[Dataset excerpts]
□ □ □

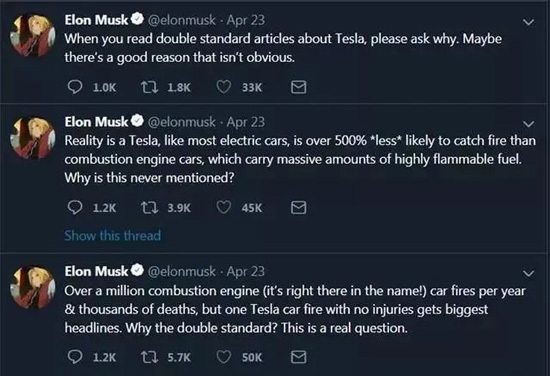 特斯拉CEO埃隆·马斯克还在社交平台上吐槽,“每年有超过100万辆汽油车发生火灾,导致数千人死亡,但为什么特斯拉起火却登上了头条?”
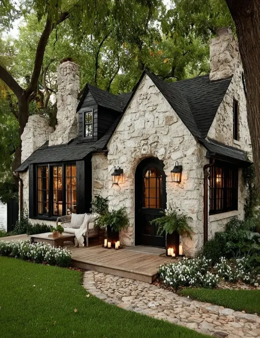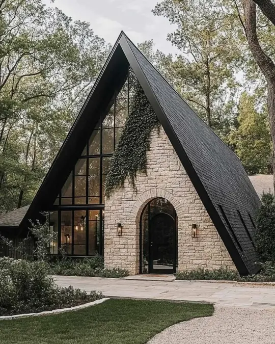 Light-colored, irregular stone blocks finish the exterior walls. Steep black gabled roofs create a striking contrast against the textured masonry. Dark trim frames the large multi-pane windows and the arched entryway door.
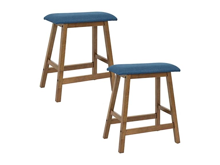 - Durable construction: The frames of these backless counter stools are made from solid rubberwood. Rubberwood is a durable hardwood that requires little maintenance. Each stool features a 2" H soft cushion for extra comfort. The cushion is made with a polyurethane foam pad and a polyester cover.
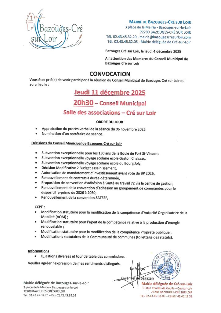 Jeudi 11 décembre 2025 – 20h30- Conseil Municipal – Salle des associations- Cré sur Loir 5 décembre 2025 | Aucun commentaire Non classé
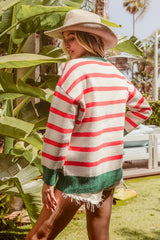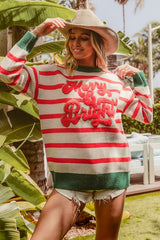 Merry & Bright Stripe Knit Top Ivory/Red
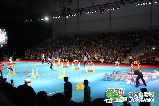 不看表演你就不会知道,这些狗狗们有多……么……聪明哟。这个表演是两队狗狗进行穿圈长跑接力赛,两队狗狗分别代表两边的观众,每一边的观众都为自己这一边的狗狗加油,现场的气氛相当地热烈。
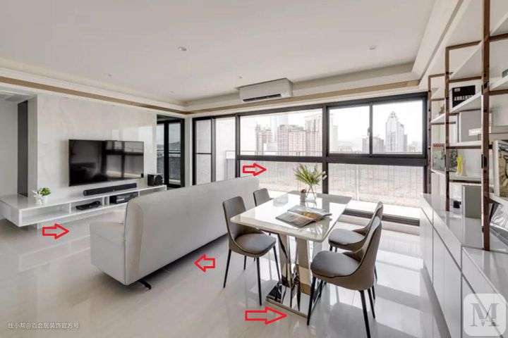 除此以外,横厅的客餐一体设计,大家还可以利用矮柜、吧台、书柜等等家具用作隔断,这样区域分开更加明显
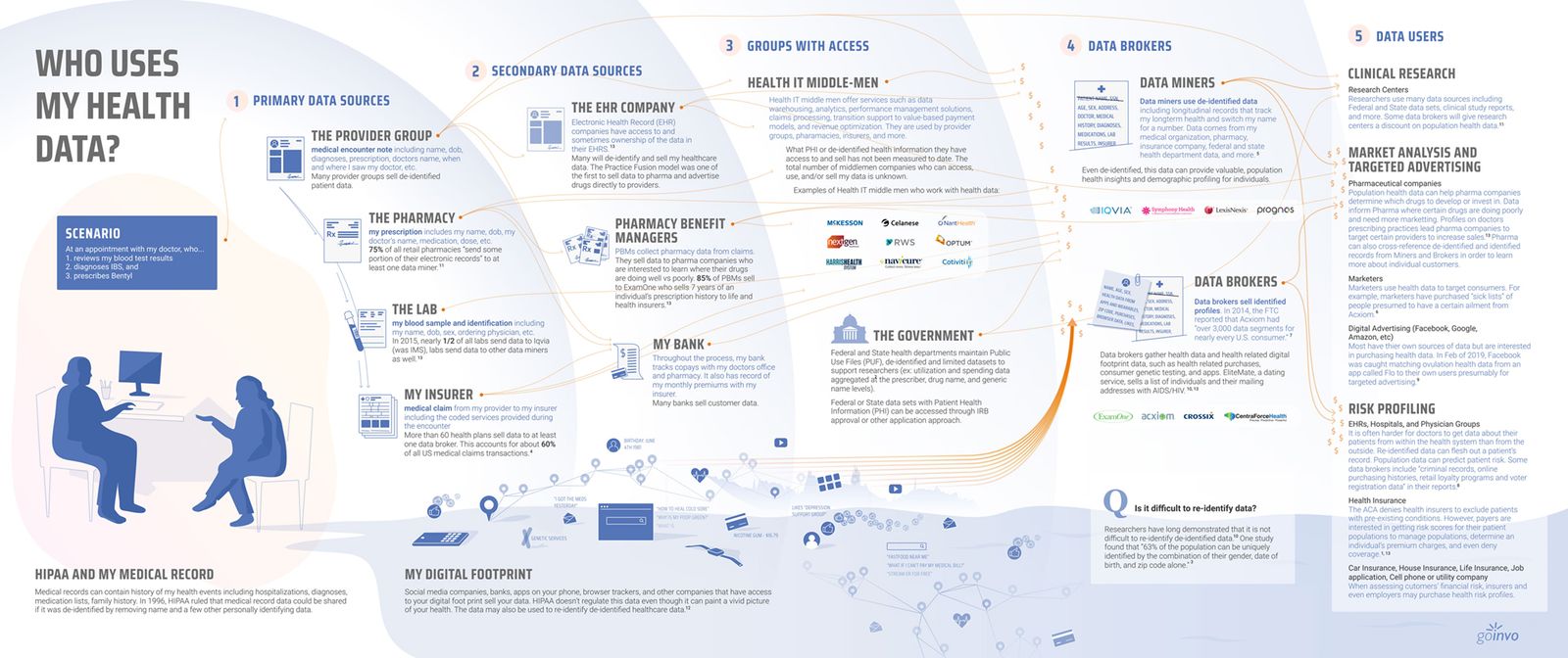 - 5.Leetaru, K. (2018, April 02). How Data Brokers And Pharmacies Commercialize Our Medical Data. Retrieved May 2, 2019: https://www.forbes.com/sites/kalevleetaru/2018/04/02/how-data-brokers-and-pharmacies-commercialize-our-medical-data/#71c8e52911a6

□ □ □

» **Problem requirements**:
Would you give again, exactly, the lines in the data above that run from the line containing "Merry & Bright Stripe Knit Top Ivory/Red" to the line containing "除此以外,横厅的客餐一体设计"? Include both ends and no pictures.

» **Task solution**:
 Merry & Bright Stripe Knit Top Ivory/Red
 不看表演你就不会知道,这些狗狗们有多……么……聪明哟。这个表演是两队狗狗进行穿圈长跑接力赛,两队狗狗分别代表两边的观众,每一边的观众都为自己这一边的狗狗加油,现场的气氛相当地热烈。
 除此以外,横厅的客餐一体设计,大家还可以利用矮柜、吧台、书柜等等家具用作隔断,这样区域分开更加明显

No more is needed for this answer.